Electronic and Optical Modulation of Metal-Doped Hybrid Organic–Inorganic Perovskites Crystals by Post-Treatment Control

Abstract

Recently, considerable interest in the fields of photovoltaics, light emission, and photodetection absorbers has centered on hybrid organic–inorganic perovskites (HOIPs). Here, we report a combined photoluminescence and high-resolution photoemission study to investigate the defect-site passivation of the B-site methylammonium lead bromide perovskites (B site = In3+, Sr2+, and Li+). A distinctive behavior of the optical response is revealed by means of temperature-dependent time-resolved photoluminescence (TR-PL) measurements. Upon mild argon treatment, the initial thermal quenching rate with respect to the radiative transition rate (Γ0/Γv) ratio and thermal quenching activation energy (ΔEq) of Sr-doped MAPbBr3 is reduced by an order of magnitude.
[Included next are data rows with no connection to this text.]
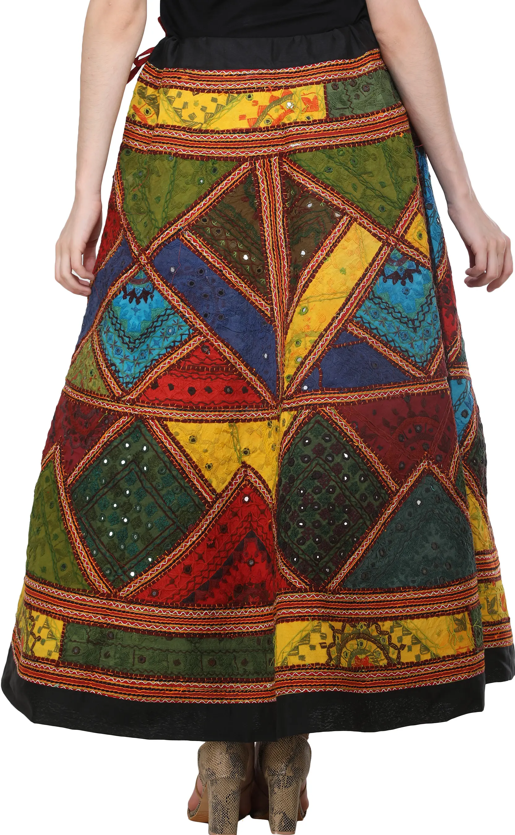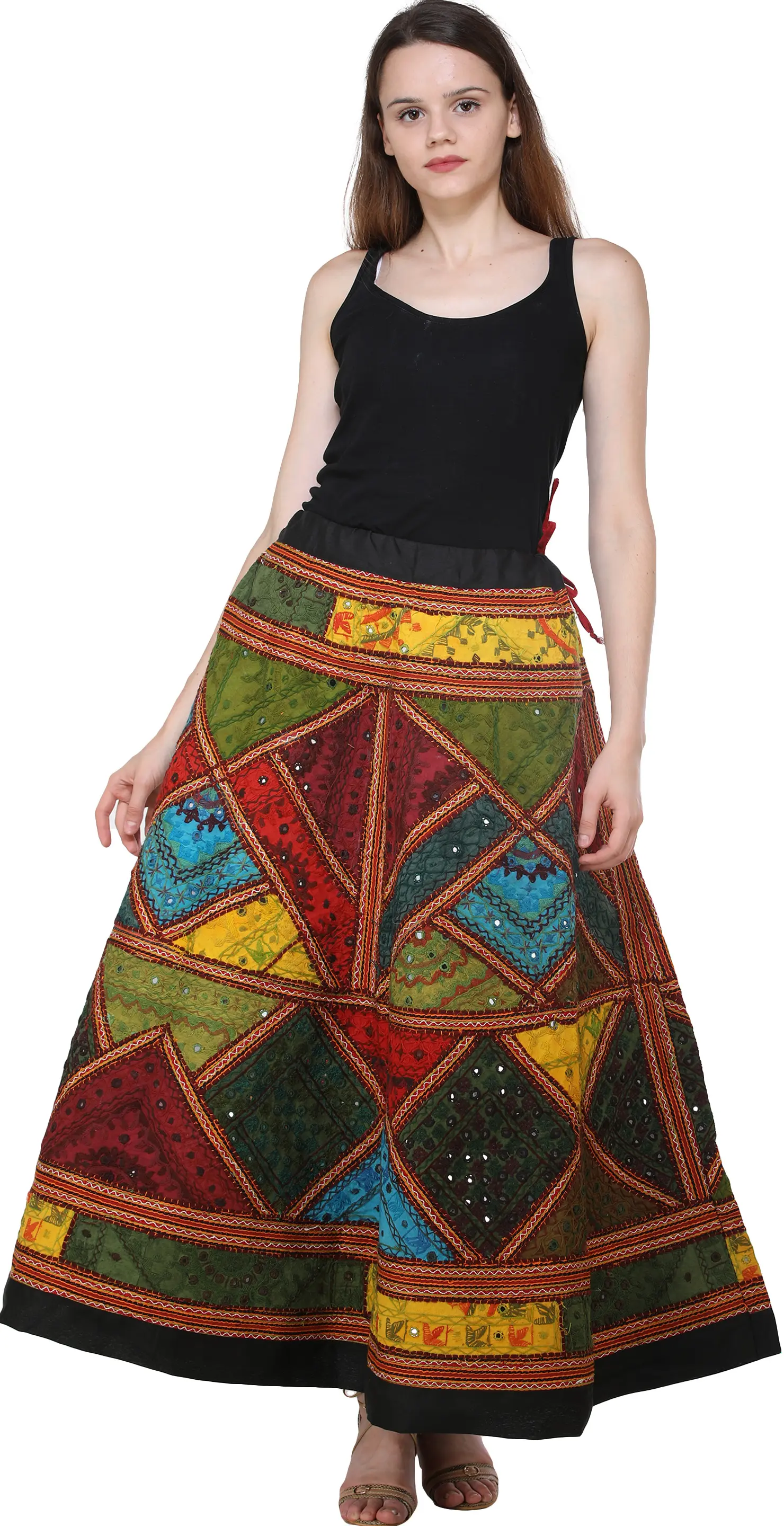 Ghagra Skirt from Gujarat with Embroidered Applique and Sequins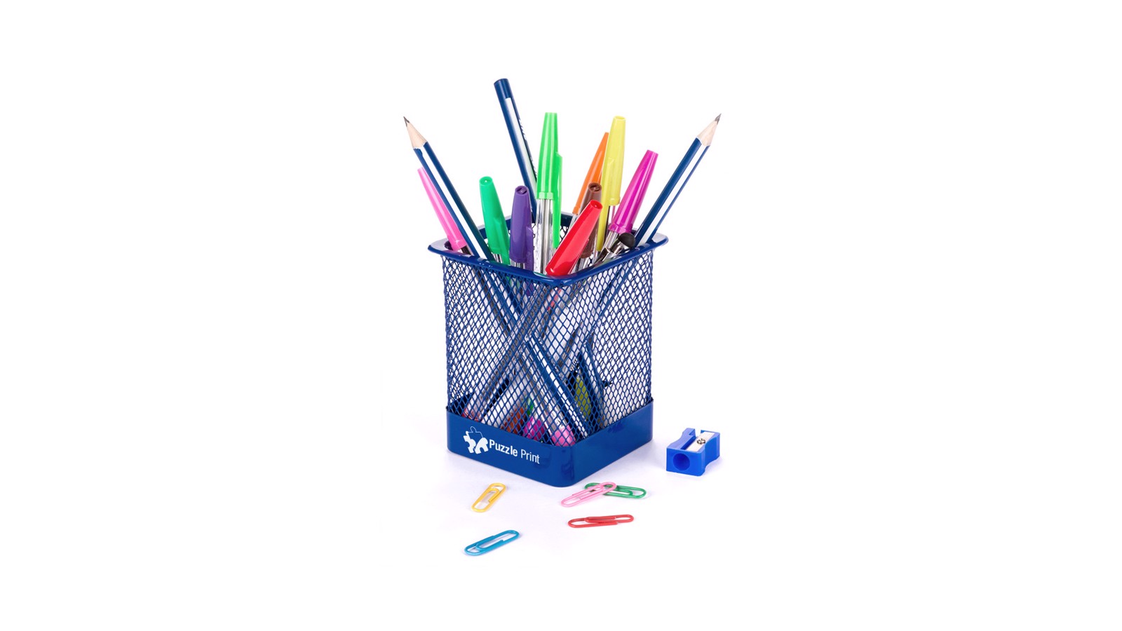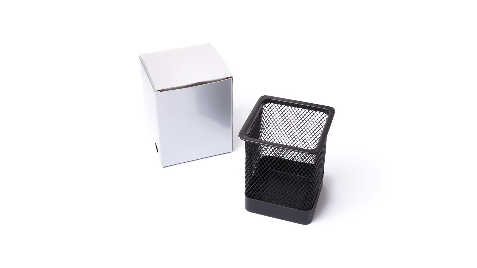 Metal mesh pencil holder in bright finish and bright tones. Presented in an individual box.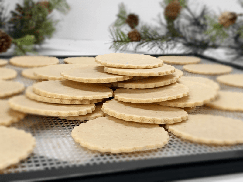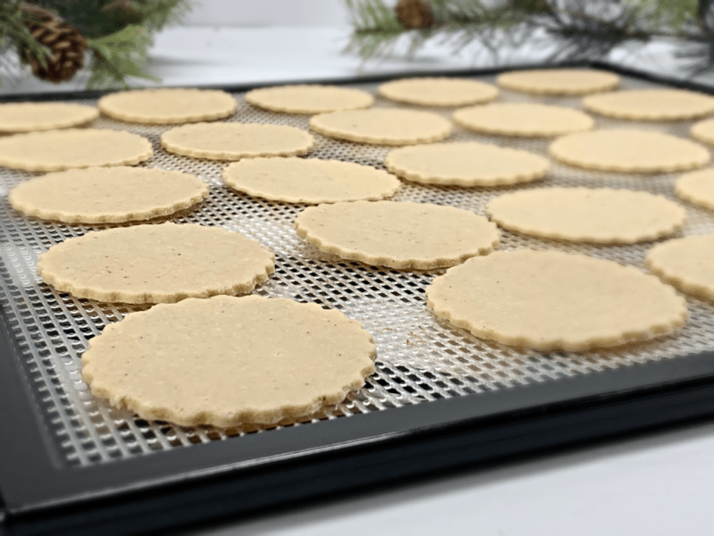 The key is to roll the dough out very, very thin. I will post a picture below where I pressed a cookie stamp into the dough after it was rolled out. The stamp didn’t punch through, but it made it so thin that the light could shine through when I held it up. It will take a gentle hand when transferring them from the rolled-out dough to the dehydrator tray, but trust me; it can be done. And should you mess up, no biggy, throw it back into the dough scraps and reroll it out.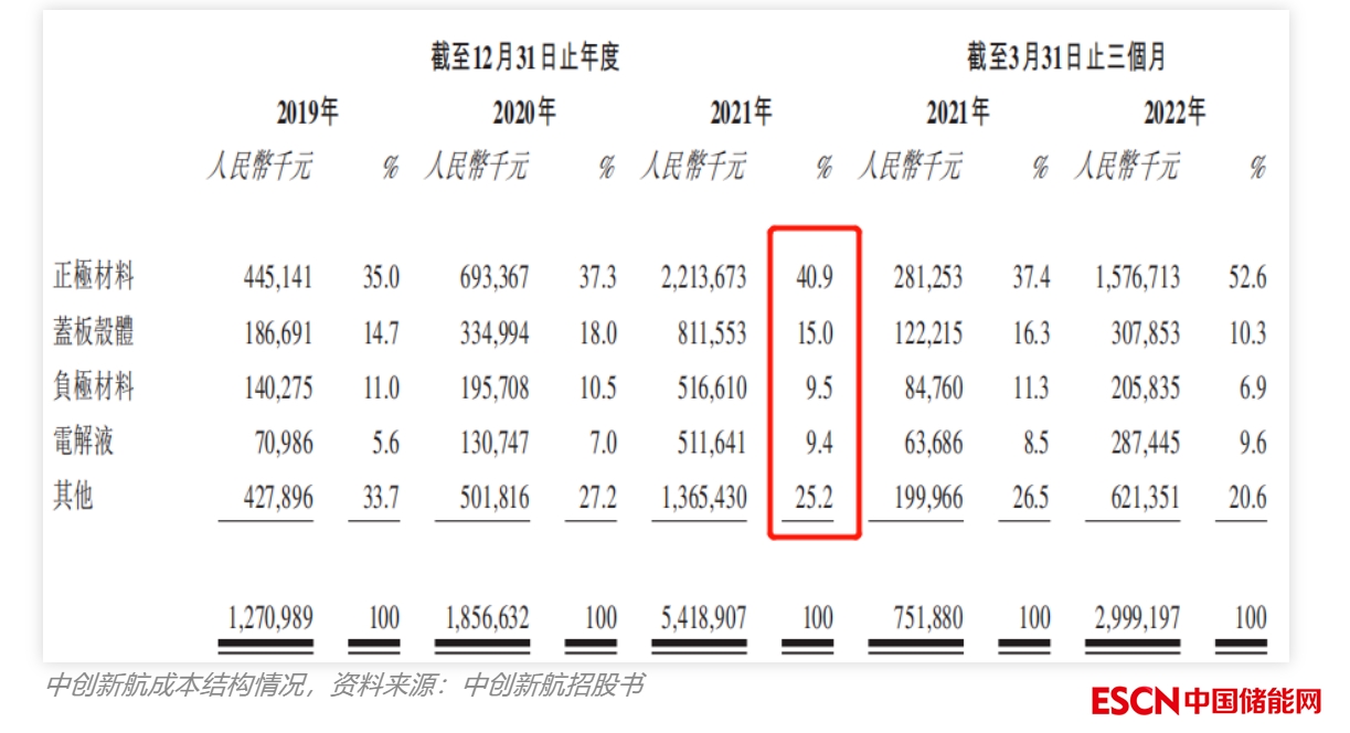 從成本結構上看,原材料成本是最主要的組成部分,占比近8成。進一步拆解原材料,主要由正極材料、負極材料、蓋板殼體和電解液四部分組成,2021年占比分別為40.9%、15.0%、9.5%和9.4%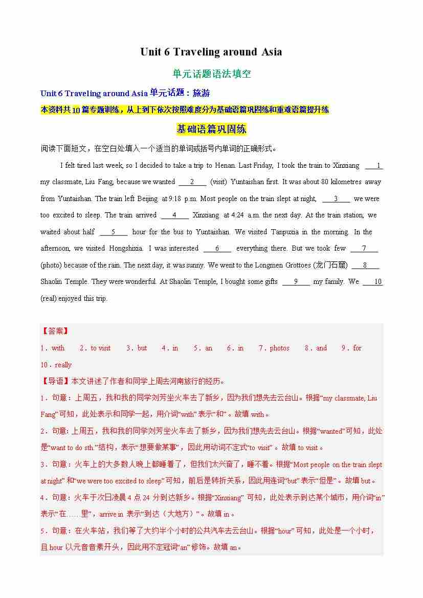 Unit 6 Traveling around Asia单元话题语法填空练习(教师版)

The average charge carrier lifetime (τave) of Sr-doped MAPbBr3 after treatment is significantly improved from 36 to 77 ns, respectively. Moreover, the occupied state of metal-doped MAPbBr3 probed by ultraviolet photoemission spectroscopy (UPS) indicates tunable charge transfer based on rational chemical design. Supported by density functional theory, small band gap changes are observed across Sr-, In-, and Li-doped cases. This work improves our understanding of the photophysics of HOIPs with the possible future aim of improving the stability of emergent perovskite materials by post-treatment control.